## EXERCISE DETAILS
Transcribe only the part of the material below that begins at the line containing "1/012月26日,在四川省" and ends at the line containing "此外一個很重要的設計,是我覺", with both kept and images left out.

## PROVIDED RECORDS
* * * * * * *
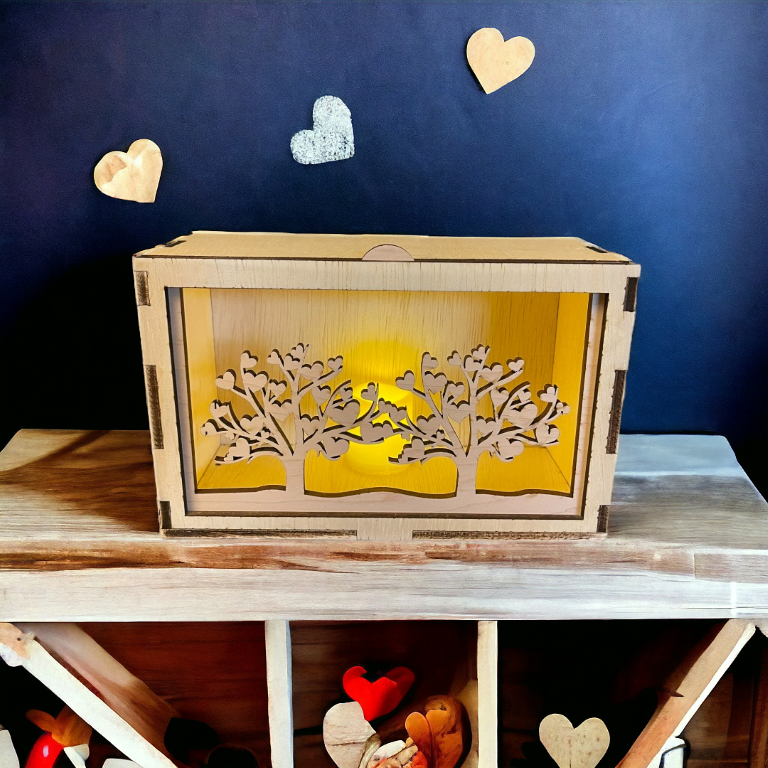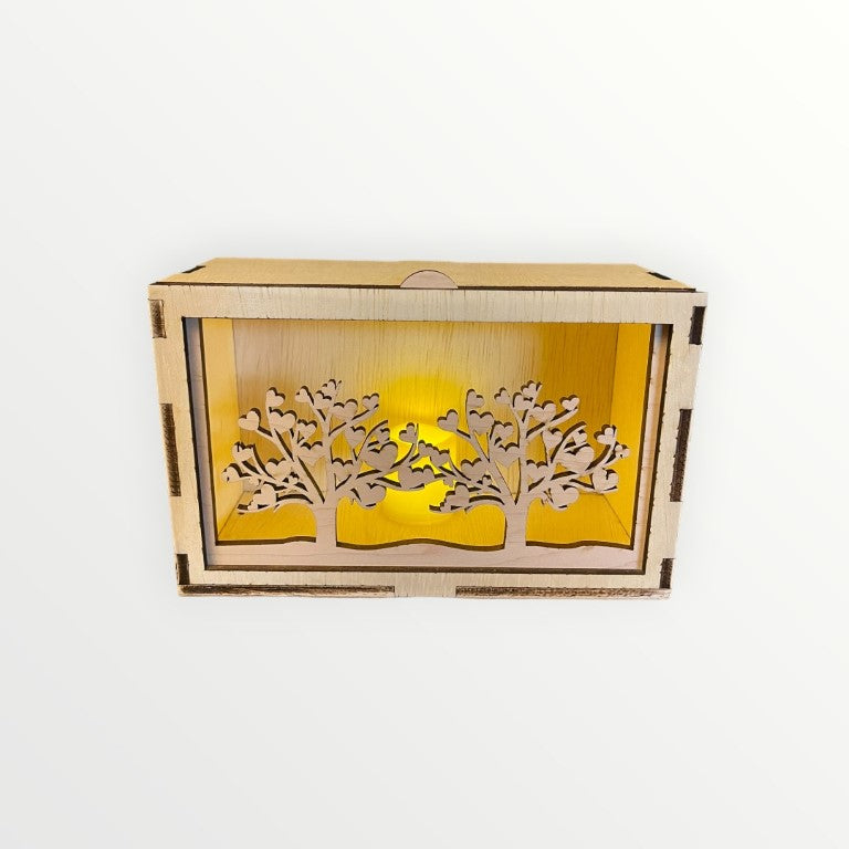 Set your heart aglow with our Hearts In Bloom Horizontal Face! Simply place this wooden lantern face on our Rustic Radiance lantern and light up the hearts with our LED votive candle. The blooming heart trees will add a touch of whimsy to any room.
* * * * * * *
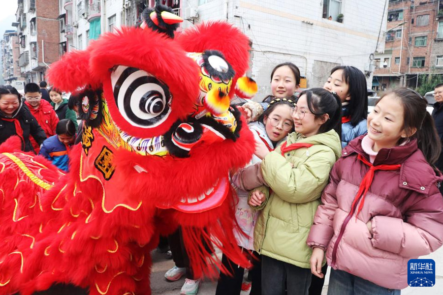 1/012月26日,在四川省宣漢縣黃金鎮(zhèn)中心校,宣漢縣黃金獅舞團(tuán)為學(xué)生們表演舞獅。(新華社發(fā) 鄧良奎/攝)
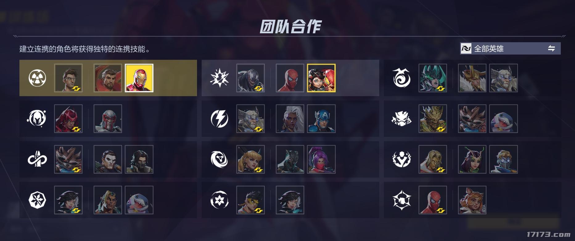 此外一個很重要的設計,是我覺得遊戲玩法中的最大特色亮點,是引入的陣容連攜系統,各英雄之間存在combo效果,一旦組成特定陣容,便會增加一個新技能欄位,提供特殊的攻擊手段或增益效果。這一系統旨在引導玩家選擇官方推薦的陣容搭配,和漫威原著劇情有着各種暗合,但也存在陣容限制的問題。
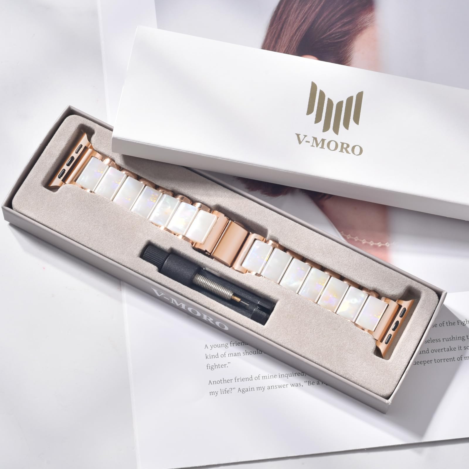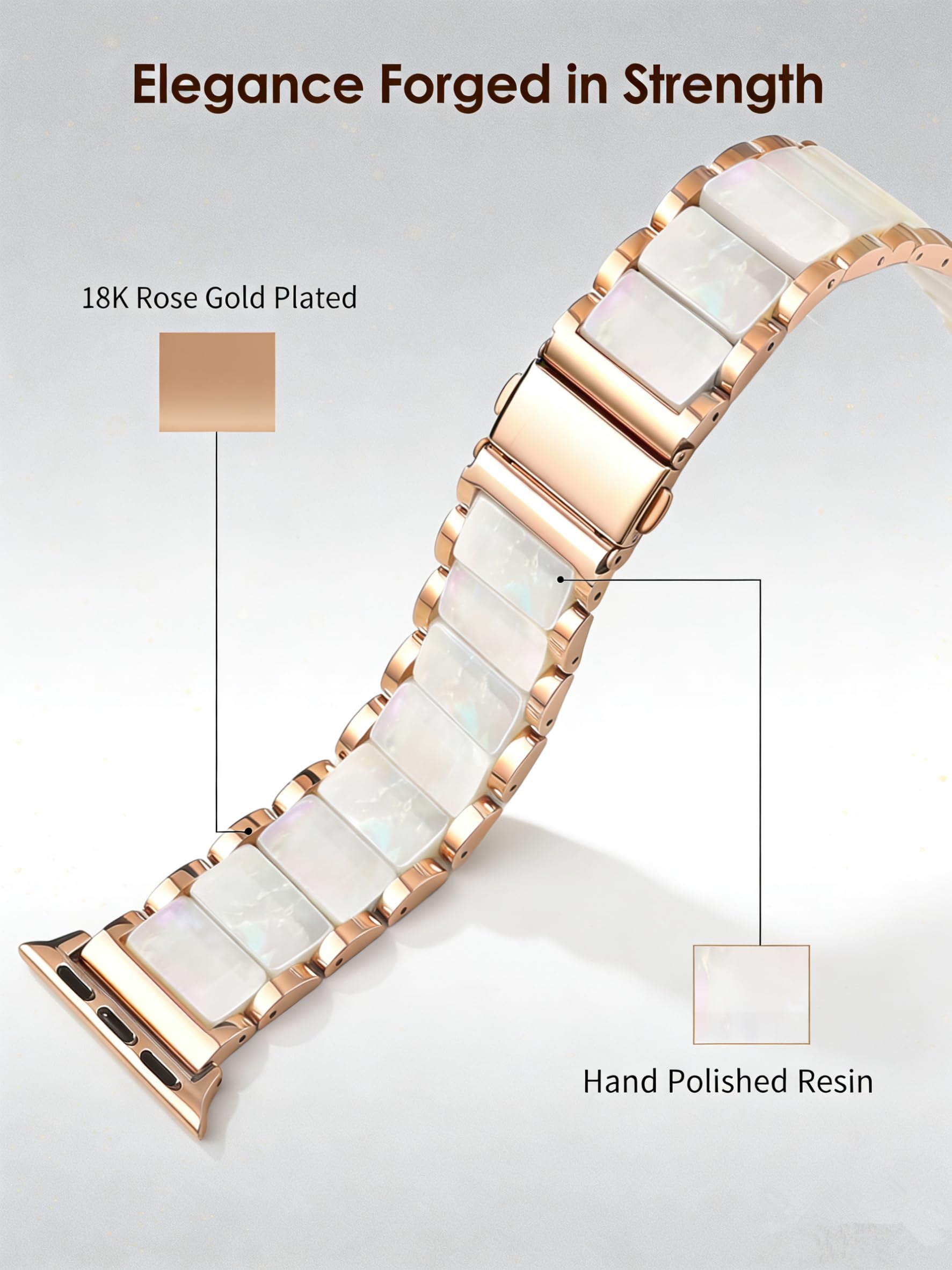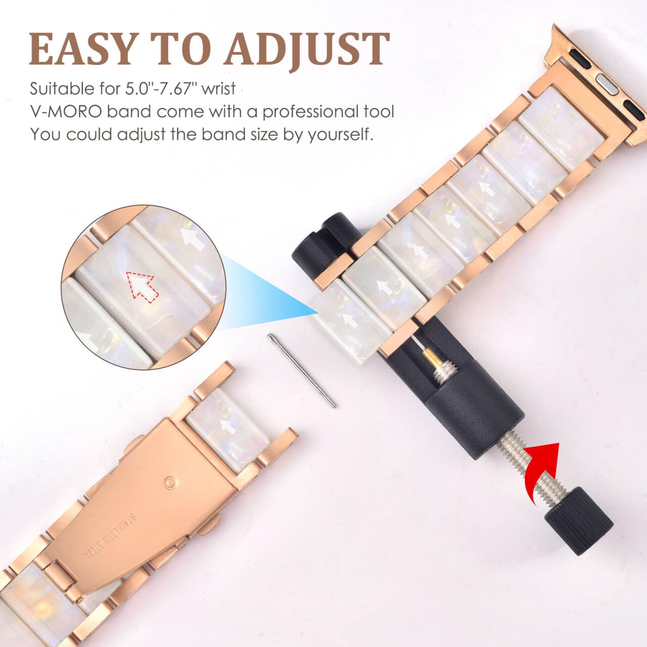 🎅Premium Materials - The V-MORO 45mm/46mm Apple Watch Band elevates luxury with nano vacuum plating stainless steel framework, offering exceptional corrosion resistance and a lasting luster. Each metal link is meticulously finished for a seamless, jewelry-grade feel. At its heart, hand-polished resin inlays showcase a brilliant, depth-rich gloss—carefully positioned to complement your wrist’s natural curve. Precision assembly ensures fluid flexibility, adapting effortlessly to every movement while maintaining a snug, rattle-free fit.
* * * * * * *
## YOUR RESPONSE
 1/012月26日,在四川省宣漢縣黃金鎮(zhèn)中心校,宣漢縣黃金獅舞團(tuán)為學(xué)生們表演舞獅。(新華社發(fā) 鄧良奎/攝)
 此外一個很重要的設計,是我覺得遊戲玩法中的最大特色亮點,是引入的陣容連攜系統,各英雄之間存在combo效果,一旦組成特定陣容,便會增加一個新技能欄位,提供特殊的攻擊手段或增益效果。這一系統旨在引導玩家選擇官方推薦的陣容搭配,和漫威原著劇情有着各種暗合,但也存在陣容限制的問題。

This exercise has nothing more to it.